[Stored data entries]
"""
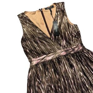 NWT womens BCBGMAXAZRIA purple gold Metallic knee length Dress size medium
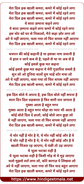 Love the lyrics Mera Dil Ek Khali Kamra Kamre Main Koi Rehne Laga Yeh Saara
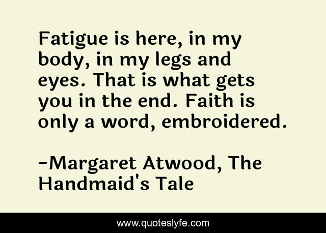 This page presents the quote "Fatigue is here, in my body, in my legs and eyes. That is what gets you in the end. Faith is only a word, embroidered.". Author of this quote is Margaret Atwood, The Handmaid's Tale. This quote is about faith, fatigue,.
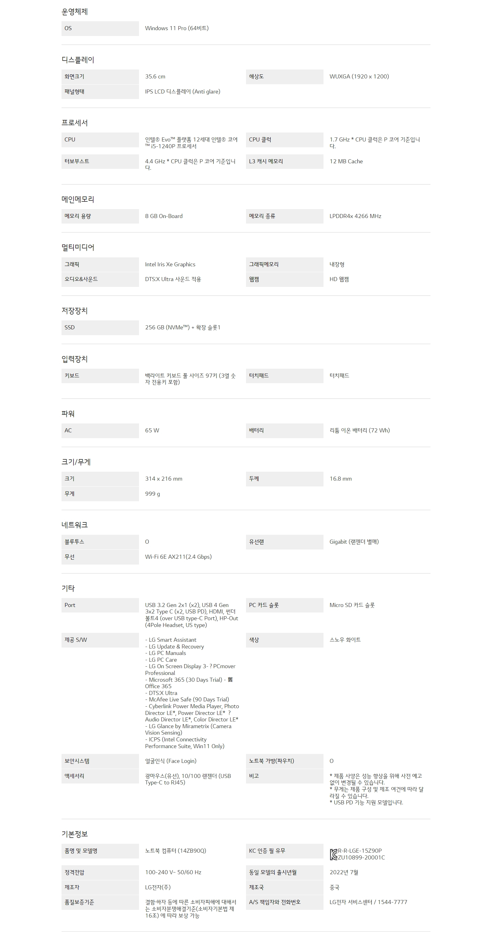 CPU : 인텔® Evo™플랫폼 12세대 인텔® 코어™ i5-1240P 프로세서
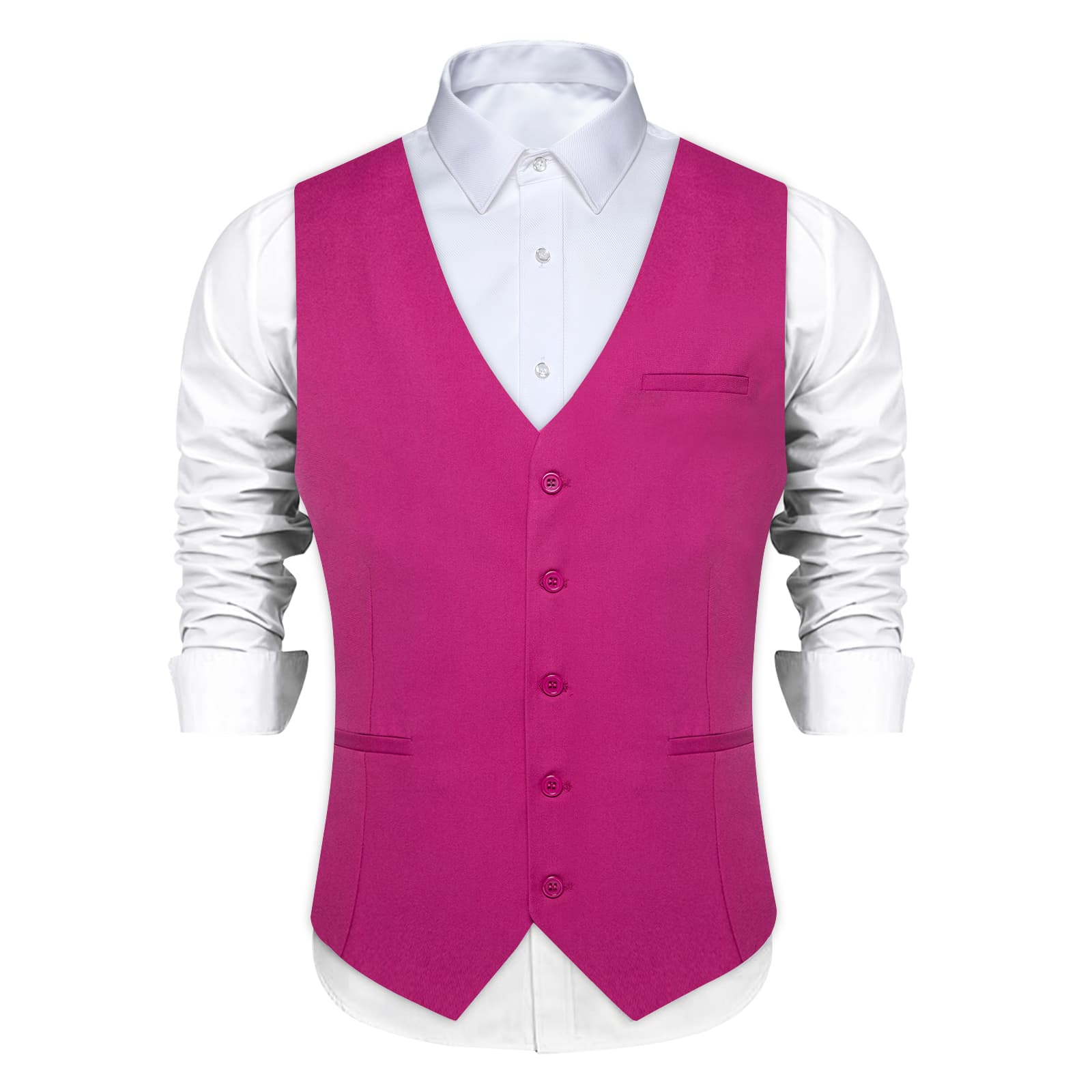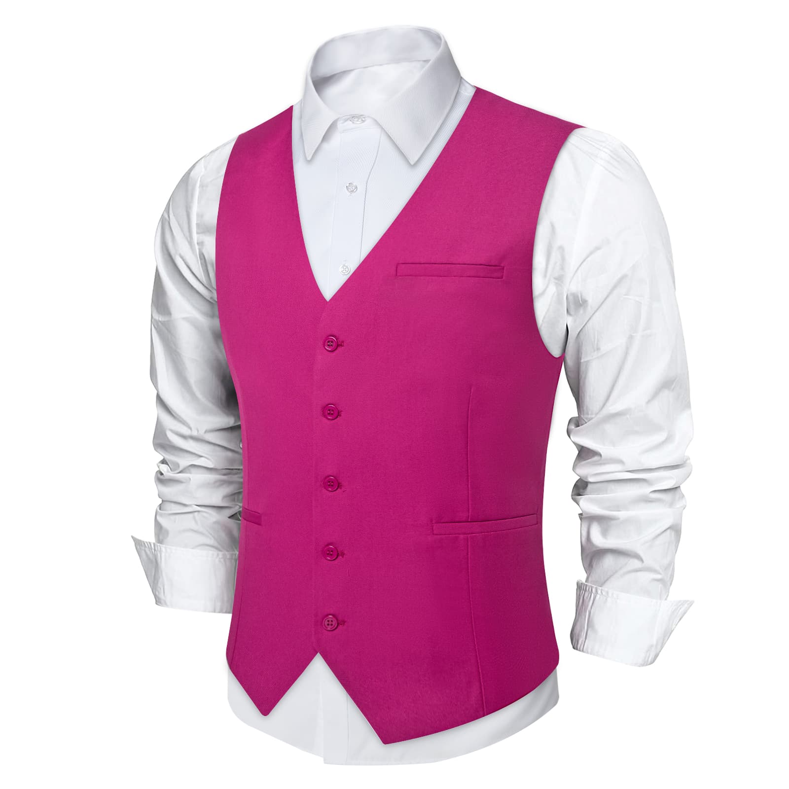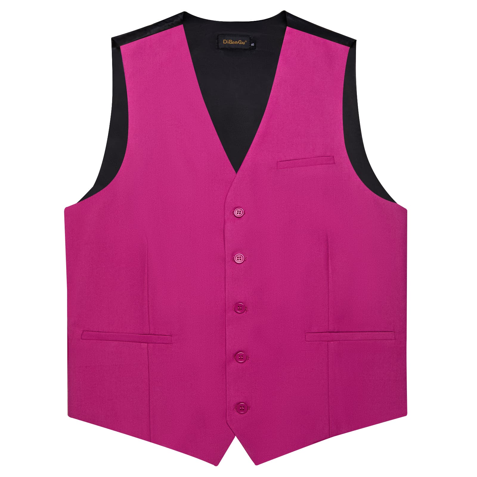 DiBanGu Mens Vest Medium Pink Solid V Neck Work Waistcoat Silk Button Vest
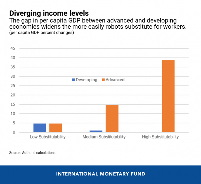 The gap in per capita GDP between advanced and developing economies could widen the more easily workers are replaced by automation
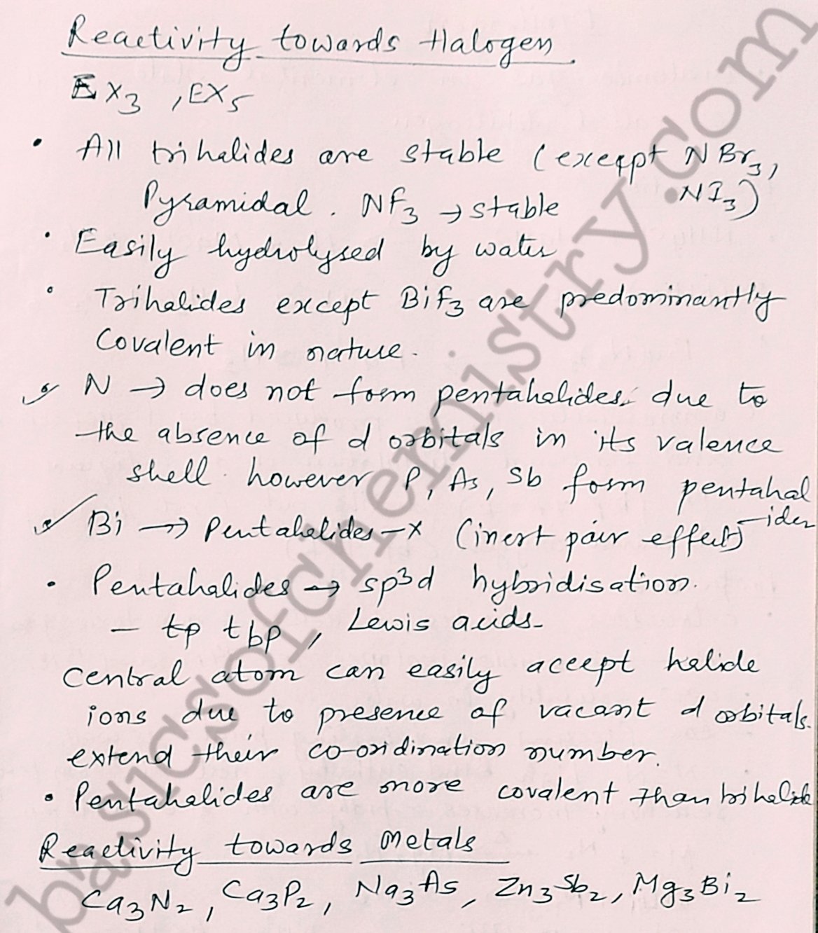 But this Bi does not form any compound in -3 oxidation state. As we go down the group the stability of lower oxidation State becomes more stable due to inert pair effect therefore the stability of plus 3 oxidation State increases down the group.
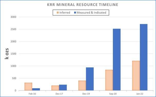 Am 31. Januar 2022 beliefen sich die gemessenen und angezeigten Goldmineralressourcen bei Higginsville auf insgesamt 31,71 Millionen Tonnen mit einem Gehalt von 1,6 g/t für 1.587.000 Unzen, was einem Anstieg von 121.000 Unzen oder 8 % gegenüber den gemessenen und angezeigten Ressourcen vom 30. September 2020 (1.466.000 Unzen) entspricht. Dieser Anstieg spiegelt vor allem eine erfolgreiche Bohrkampagne wider, die das Upgrade der historischen Mineralressource Spargos in die konsolidierte Mineralressource von Karora unterstützte. Am 31. Januar 2022 beliefen sich die abgeleiteten Mineralressourcen auf insgesamt 6,37 Millionen Tonnen mit einem Gehalt von 2,1 g/t für 428.000 Unzen Gold, was eine Steigerung von 118.000 Unzen gegenüber der Schätzung der abgeleiteten Mineralressourcen vom September 2020 von 310.000 Unzen bedeutet. Die konsolidierte Mineralressource Higginsville ist abzüglich der Minenproduktionserschöpfung von 0,6 Millionen Tonnen mit einem Gehalt von 2,1 g/t für 41.000 Unzen im Zeitraum vom 1. Oktober 2020 bis 31. Januar 2022.
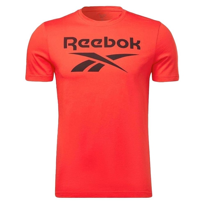 Camiseta Reebok de manga curta, construída em algodão e malha circula, com estampa frontal da marca e etiquetas personalizadas.
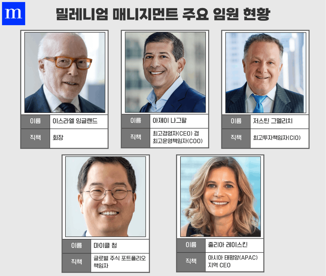 잉글랜더 회장과 함께 밀레니엄을 이끄는 아제이 나그팔 사장 겸 최고운영책임자(COO) 역시 30년 이상 투자분야에 몸담아온 베테랑이다. 과거 바클레이즈, 리먼브라더스, JP모건 등 월가의 유명 자산운용사를 두루 거친 그는 2013년 밀레니엄에 합류한 후 지금은 밀레니엄의 전략 및 글로벌 사업 전반을 총괄하고 있다. 그는 브라운 대학교를 졸업한 후 하버드대학교 케네디 행정대학원에서 공공정책학 석사 학위를 취득했다. 지난 2023년 밀레니엄에 합류한 저스틴 그멜리치 공동 최고투자책임자(CIO)는 골드만삭스, 킹스트리트 등을 거친 이력을 지녔다. 특히 그는 골드만삭스에선 무려 20년이나 몸담으며 상무이사와 파트너, 채권·외환·상품(FICC) 부문 글로벌 최고운영책임자(COO), 신용 거래 부문 글로벌 총괄 등의 요직을 거쳤다. 과거 그는 빌라노바대 재무학 학사, 서던캘리포니아대 회계학 석사, 컬럼비아대 재무학 MBA 과정 등을 거쳤다.
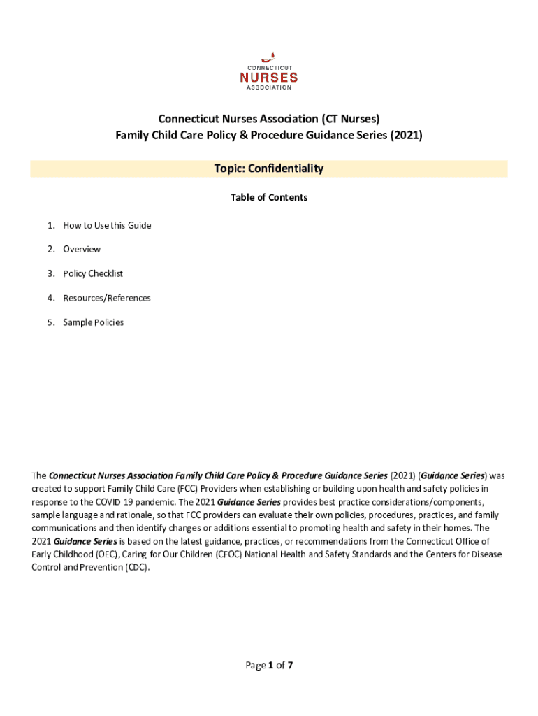Connecticut Nurses Association (CT Nurses) Family Child Care Policy & Procedure Guidance Series (2021) Topic: Confidentiality Table of Contents 1. How to Use this Guide 2. Overview 3. Policy Checklist
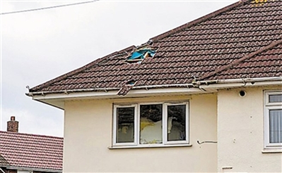 11月3日晚,住在英国布里斯托尔市一所公寓的希恩正和他的朋友贾维斯看电视,忽然听到卧室里传来“爆炸声”。他们赶紧冲上楼,以为是一团焰火冲破卧室玻璃,却在屋顶和天花板上看到一个巨大的裂口,地面上散落着像足球那么大的冰块。
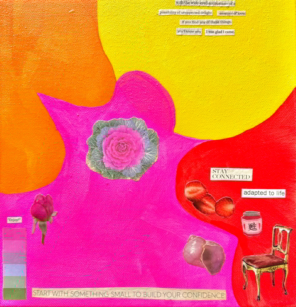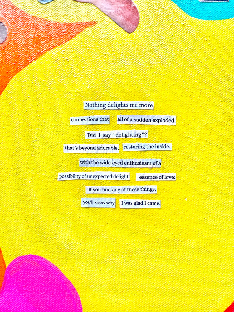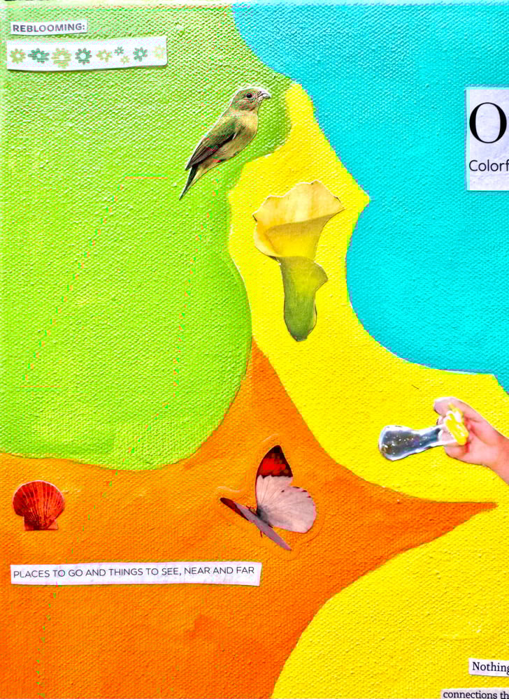 10x20 inch analog collage. Made with acrylic paint and paper on canvas.
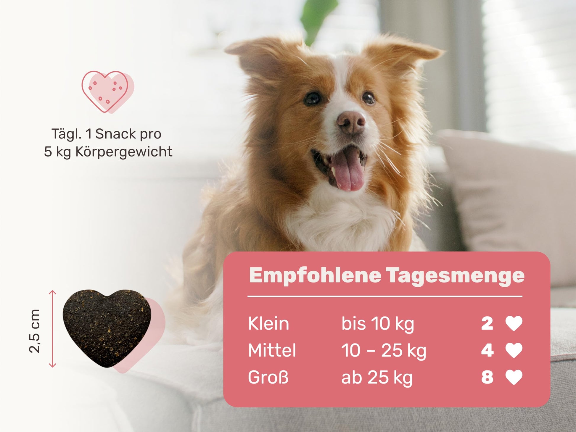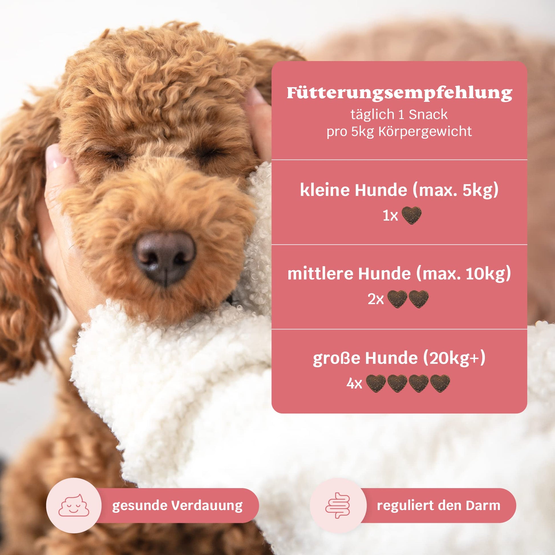 PROBIOTICS: A healthy gut flora is important for overall well-being - not only in humans, but also in dogs. If the natural balance in the digestive tract is disrupted, it can manifest in various ways: stool changes (e.g. diarrhea), bloating, restlessness in your dog, or increased scratching. Stress, diet changes, or external influences often play a role. Probiotics can help support the gut flora in a natural way and contribute to normal digestion.
"""
Repeat exactly and only the lines from the start of the data above through the line that holds "But this Bi", inclusive. Pictures do not belong in the copy.

 NWT womens BCBGMAXAZRIA purple gold Metallic knee length Dress size medium
 Love the lyrics Mera Dil Ek Khali Kamra Kamre Main Koi Rehne Laga Yeh Saara
 This page presents the quote "Fatigue is here, in my body, in my legs and eyes. That is what gets you in the end. Faith is only a word, embroidered.". Author of this quote is Margaret Atwood, The Handmaid's Tale. This quote is about faith, fatigue,.
 CPU : 인텔® Evo™플랫폼 12세대 인텔® 코어™ i5-1240P 프로세서
 DiBanGu Mens Vest Medium Pink Solid V Neck Work Waistcoat Silk Button Vest
 The gap in per capita GDP between advanced and developing economies could widen the more easily workers are replaced by automation
 But this Bi does not form any compound in -3 oxidation state. As we go down the group the stability of lower oxidation State becomes more stable due to inert pair effect therefore the stability of plus 3 oxidation State increases down the group.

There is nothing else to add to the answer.